For the National Self-Reliance Movement (Gerakan Mandiri Bangsa), Thailand’s trajectory is far more than just a piece of foreign news. It is a mirror. It stands as a stark warning of what happens when a nation builds solely from the center, relies heavily on external forces, and forgets to anchor deep roots of self-reliance across its own regions.
An Economy Running Out of Breath
In 2026, Thailand’s economy is projected to grow by just 1.5 to 2 percent — its sluggish performance making it the weakest growth level in nearly three decades, excluding periods of outright global crisis. Contrast this with Indonesia, which maintains a growth rate above 5 percent over the same period. Ironically, following the 1997 Asian financial crisis, Thailand led the region through robust export-led industrialization.
Making matters worse, Thailand’s household debt currently hovers between 87 and 90 percent of its GDP — ranking among the highest in Asia. This is not productive debt used to fund businesses or acquire appreciation assets; instead, a vast portion goes toward covering basic daily living expenses and credit card balances.
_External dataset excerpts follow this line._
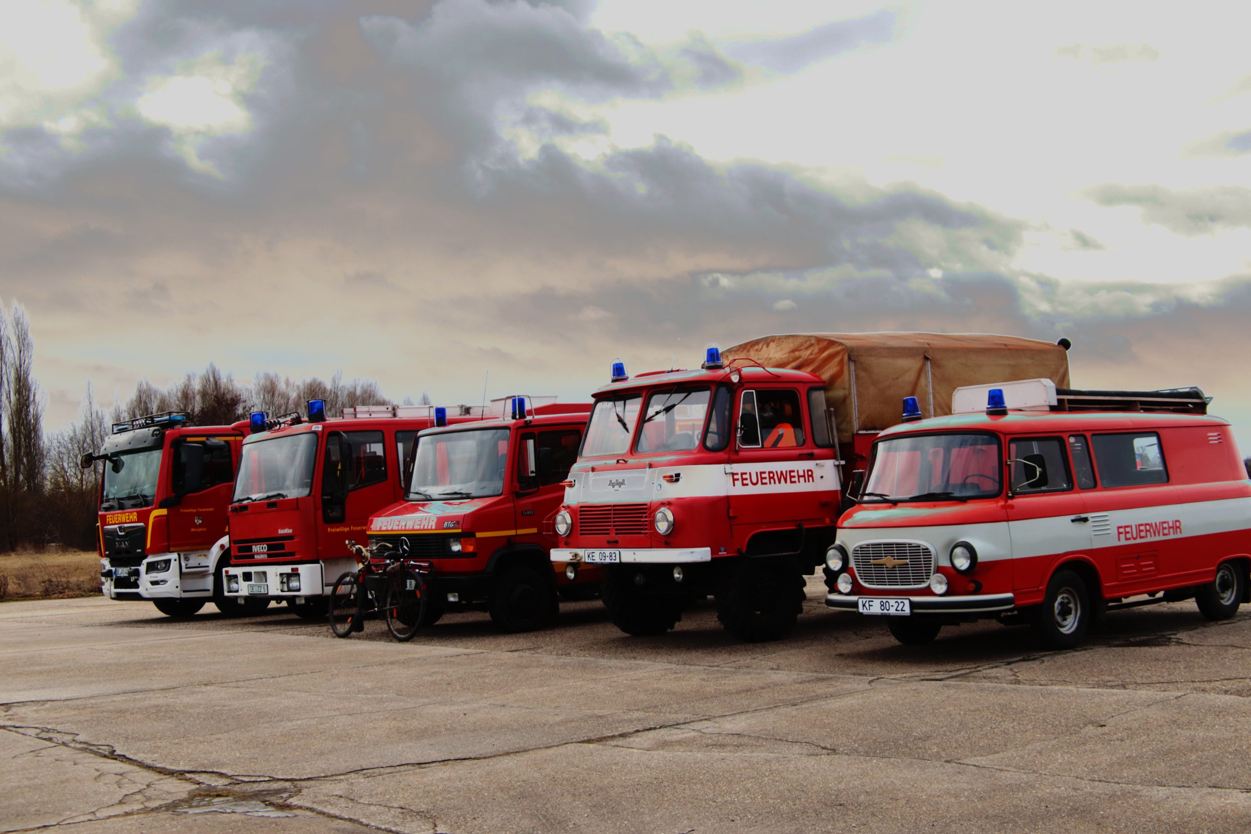 Im Februar dieses Jahres trafen sich drei Originalfahrzeuge sowie zwei baugleiche Modelle zu einem Fototermin auf der alten Landebahn. Lediglich der H3A konnte mangels fahrbereitem Exemplar nicht teilnehmen. Die beiden DDR-Fahrzeuge wurden freundlicherweise zur Verfügung gestellt, während die Fahrzeuge von Mercedes, Iveco und MAN originale Einsatzfahrzeuge aus unserem Bestand sind. Ein Melder-Fahrrad symbolisierte dabei die Zeit der Pferdekutschen.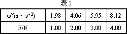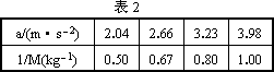 在探究牛頓第二定律的實(shí)驗(yàn)中,得到以下數(shù)據(jù):物質(zhì)質(zhì)量不變時(shí),加速度a與物體所受合力F的對(duì)應(yīng)數(shù)據(jù)如表1;物體所受合力不變時(shí),加速度a和物體質(zhì)量的倒數(shù)1/M的對(duì)應(yīng)數(shù)據(jù)如表2.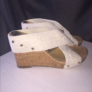 These four inch wedges are comfortable. There's no strap on the back of your heal and the white material makes these shoes easy to walk in.

When a nation borrows merely to survive rather than to expand, it serves as a clear signal that its economic self-reliance is fracturing at the grassroots level.
Compounding these financial strain lines, Thailand faces a daunting demographic crisis: its fertility rate has dropped to 1.08 births per woman — among the lowest globally. Citizens aged 60 and over are projected to make up 28 percent of the total population by 2033, if not sooner. This is precisely what economists term the double trap: a middle-income trap locked in tandem with a population aging rapidly before wealth can accumulate.
The Root Cause: A Fragile Centralization
Yet, these data points are merely symptoms. The root malady runs much deeper, and it is exactly where our most vital lessons lie.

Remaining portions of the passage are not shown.